■ **Instructions for the task**
The answer should hold every line of the listing, unchanged and free of images.

■ **Information provided**

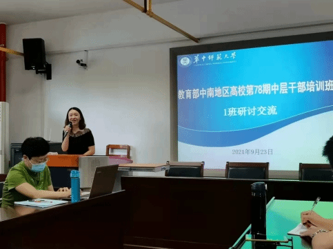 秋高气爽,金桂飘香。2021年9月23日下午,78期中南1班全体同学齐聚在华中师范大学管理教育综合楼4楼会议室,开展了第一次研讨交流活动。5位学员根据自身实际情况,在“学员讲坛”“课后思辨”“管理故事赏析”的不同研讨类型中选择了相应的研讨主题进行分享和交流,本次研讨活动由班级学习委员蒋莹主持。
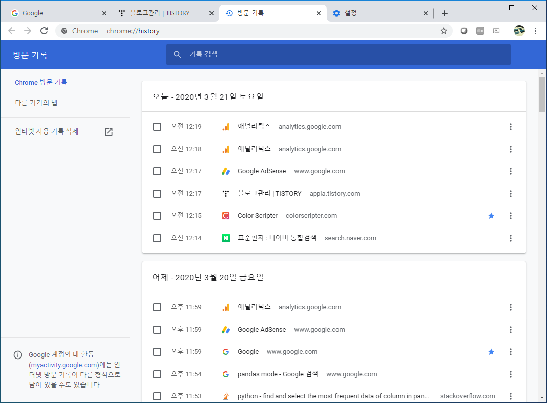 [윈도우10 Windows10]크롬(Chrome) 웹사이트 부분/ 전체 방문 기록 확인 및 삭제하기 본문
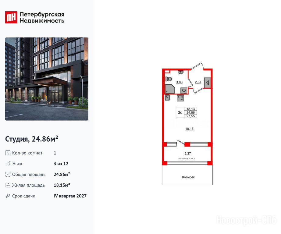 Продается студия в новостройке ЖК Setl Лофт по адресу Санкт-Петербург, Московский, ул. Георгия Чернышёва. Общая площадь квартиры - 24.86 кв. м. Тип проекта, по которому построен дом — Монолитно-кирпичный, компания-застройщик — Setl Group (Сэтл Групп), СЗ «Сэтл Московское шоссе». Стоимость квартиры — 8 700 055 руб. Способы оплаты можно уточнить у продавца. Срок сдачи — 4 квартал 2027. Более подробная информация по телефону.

■ **Answer to the problem**
 秋高气爽,金桂飘香。2021年9月23日下午,78期中南1班全体同学齐聚在华中师范大学管理教育综合楼4楼会议室,开展了第一次研讨交流活动。5位学员根据自身实际情况,在“学员讲坛”“课后思辨”“管理故事赏析”的不同研讨类型中选择了相应的研讨主题进行分享和交流,本次研讨活动由班级学习委员蒋莹主持。
 [윈도우10 Windows10]크롬(Chrome) 웹사이트 부분/ 전체 방문 기록 확인 및 삭제하기 본문
 Продается студия в новостройке ЖК Setl Лофт по адресу Санкт-Петербург, Московский, ул. Георгия Чернышёва. Общая площадь квартиры - 24.86 кв. м. Тип проекта, по которому построен дом — Монолитно-кирпичный, компания-застройщик — Setl Group (Сэтл Групп), СЗ «Сэтл Московское шоссе». Стоимость квартиры — 8 700 055 руб. Способы оплаты можно уточнить у продавца. Срок сдачи — 4 квартал 2027. Более подробная информация по телефону.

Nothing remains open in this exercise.